Background: Nibrin, as part of the NBN/MRE11/RAD50 complex, is mutated in Nijmegen breakage syndrome (NBS), which leads to impaired DNA damage response and lymphoid malignancy.

Results: Telomere length (TL) was markedly reduced in homozygous patients (and comparably so in all chromosomes) by ~40% (qPCR) and was slightly reduced in NBS heterozygotes older than 30 years (~25% in qPCR), in accordance with the respective cancer rates. Humanized cancer-free NBS mice had normal TL. Telomere elongation was inducible by telomerase and/or alternative telomere lengthening but was associated with abnormal expression of telomeric genes involved in aging and/or cell growth. Lymphoblastoid cells from NBS patients with long survival times (>12 years) displayed the shortest telomeres and low caspase 7 activity.

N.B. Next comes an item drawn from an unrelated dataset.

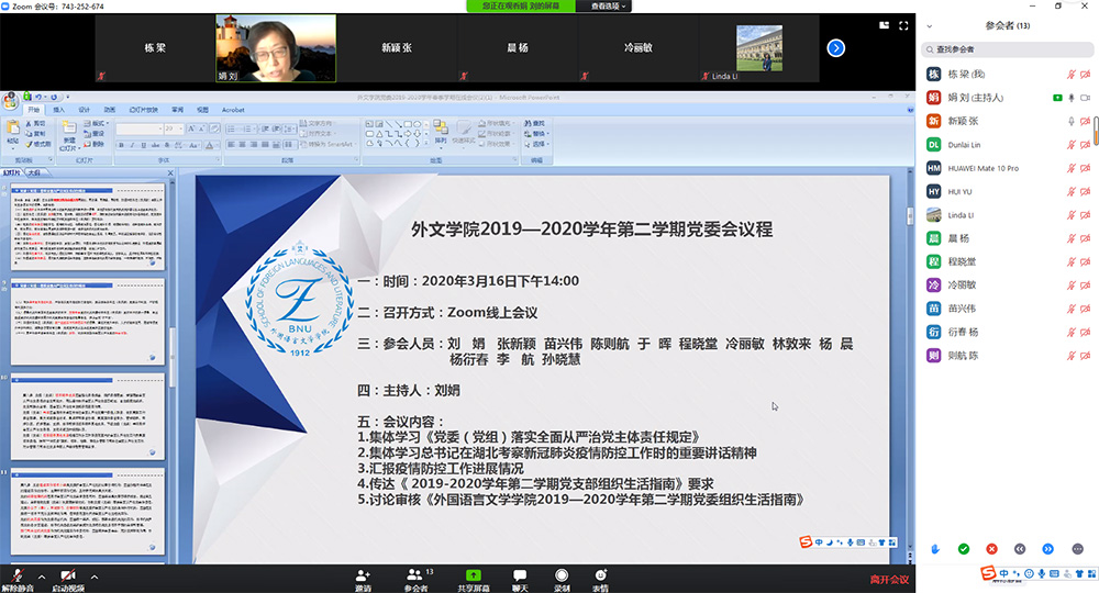 2020年3月16日,外文学院党委通过视频方式召开2019-2020学年春季学期第一次党委扩大会议。会议由党委书记刘娟主持召开,学院党委委员、教工党支部书记参加此次会议。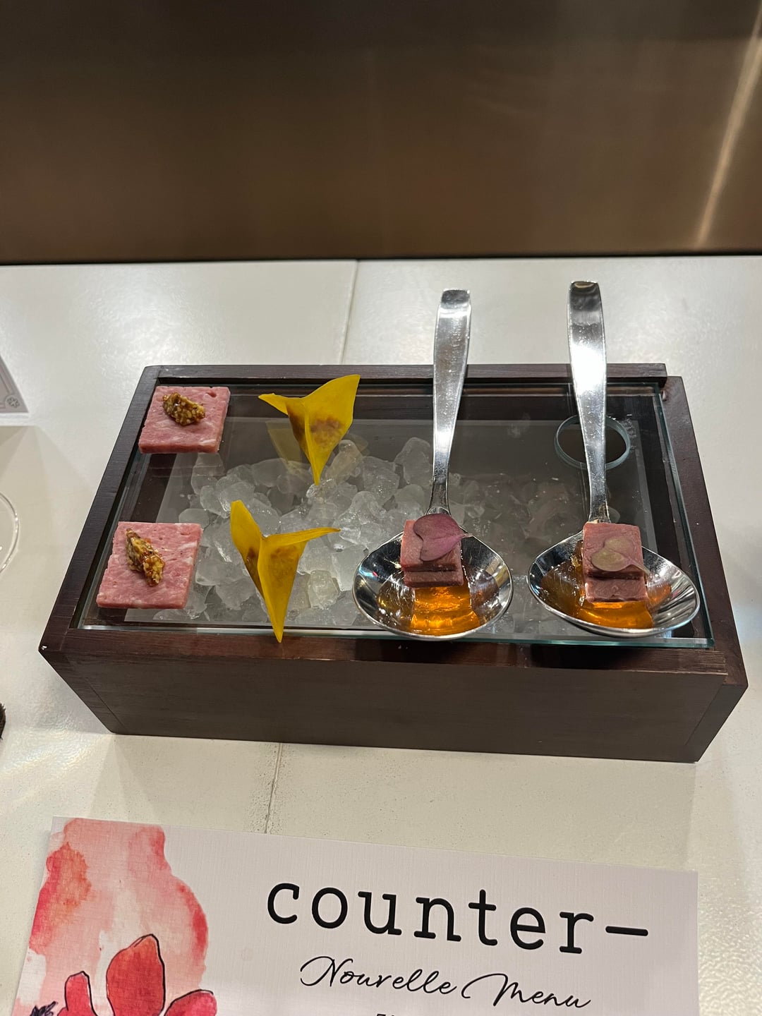 I dined at the newly minted Michelin-starred restaurant Counter-, North Carolina's one and only, and it is easy to see why they earned this accolade. It's a restaurant with an expiration date, as they have a set amount of menus they will make before they shut down, and | just so happened to have the exact middle menu. Now l am by no means a food expert. Most of you reading this undoubtedly have a more refined palate and a deeper pocket to be able to have more of an expertise than myself. However, what I can definitively tell you is that eating at Counter- was the best dining experience of my life.

Conclusions: NBS is a secondary telomeropathy. The two-edged sword of telomere attrition enhances the cancer-prone situation in NBS but can also lead to a relatively stable cellular phenotype in tumor survivors. Results suggest a modular model for progeroid syndromes with abnormal expression of telomeric genes as a molecular basis.

Methods: We studied TL and function in 38 homozygous individuals, 27 heterozygotes, one homozygous fetus, six NBS lymphoblastoid cell lines, and humanized NBS mice, all with the same founder NBN mutation: c.657_661del5.